Hurricane Ike slams Texas coast and tests hospice emergency plans
Agencies pleased with response, but identified needed improvements
Winds that exceeded 80 miles per hour, storm surges that covered major streets, and power outages that lasted more than a week for many people were just a few of the effects of Hurricane Ike. The good news for Texas hospice and home health organizations is that their emergency plans worked well.
"Our patients were in the areas that were under evacuation orders," says Wyona Freysteinson, RN, MS, director of the home health and hospice at Memorial Hermann Hospital in Houston. In addition to working with patients to be sure that the hospice knows where they are going and how to contact them, Freysteinson's staff calls hospices in the destination area to arrange for care while they are evacuated. They use lists they've developed over the years through direct contact or through local associations. "This is a key component of our evacuation plan," she says. "There are other hospices in the Houston area that told their patients who were evacuating to go the hospital in their destination area if they needed care," Freysteinson says.
As soon as the reports showed that Ike would be a severe storm, hospice staff began calling patients and verified that they all had seven to 10 days of medication, says Freysteinson. If the patient needed additional medication, it was delivered, she says. "Prior to the storm, we made sure that any patients who needed transportation during an emergency were included on the county's 2-1-1 list to make sure they would be evacuated," she says.
Staff members at Lakes Area Hospice in Jasper, TX, also made sure that patients were included on the county's 2-1-1 list, but they discovered that their understanding of the 2-1-1 service differed from reality. "We got to test the system when Hurricane Gustav threatened our area," says Paula Moore, volunteer coordinator of the agency. Although Gustav's path veered away from Jasper, Moore learned that the 2-1-1 system was set up to transport people from central pick-up locations rather than pick people up from their homes.

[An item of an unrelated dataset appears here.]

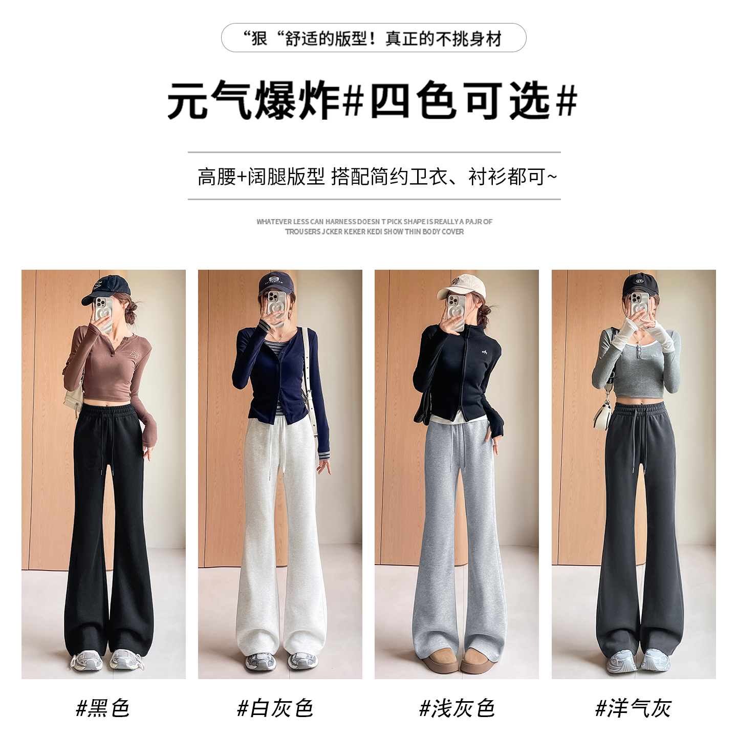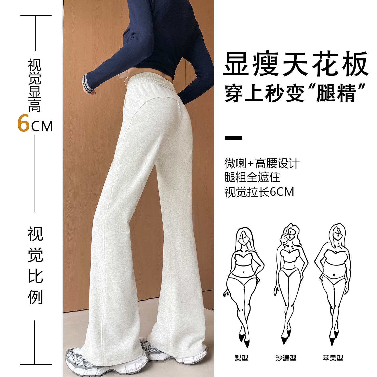 马蹄裤 修身 休闲喇叭裤 运动裤 黑色高腰微喇裤 加绒显瘦长裤 女早秋季

"The county did not have the budget to pay for transportation to all 300 homes of home health and hospice patients on the 2-1-1 system and had decided to have people meet at the local high school or other central location," Moore explains. Unfortunately, people registered with 2-1-1 because they had no driver's license, no car, and no other caregiver who could drive them, she says. Only one week passed between Gustav and Ike, so the county had to improvise, she says.
"I'm in awe of the county workers who used their vehicles to go to all 300 homes to pick up patients," says Moore. "This was not the most efficient use of their time because they had other evacuation-related responsibilities, but they put the safety of patients first," she says. Review of the 2-1-1 plan and ideas to improve it are under way, she says.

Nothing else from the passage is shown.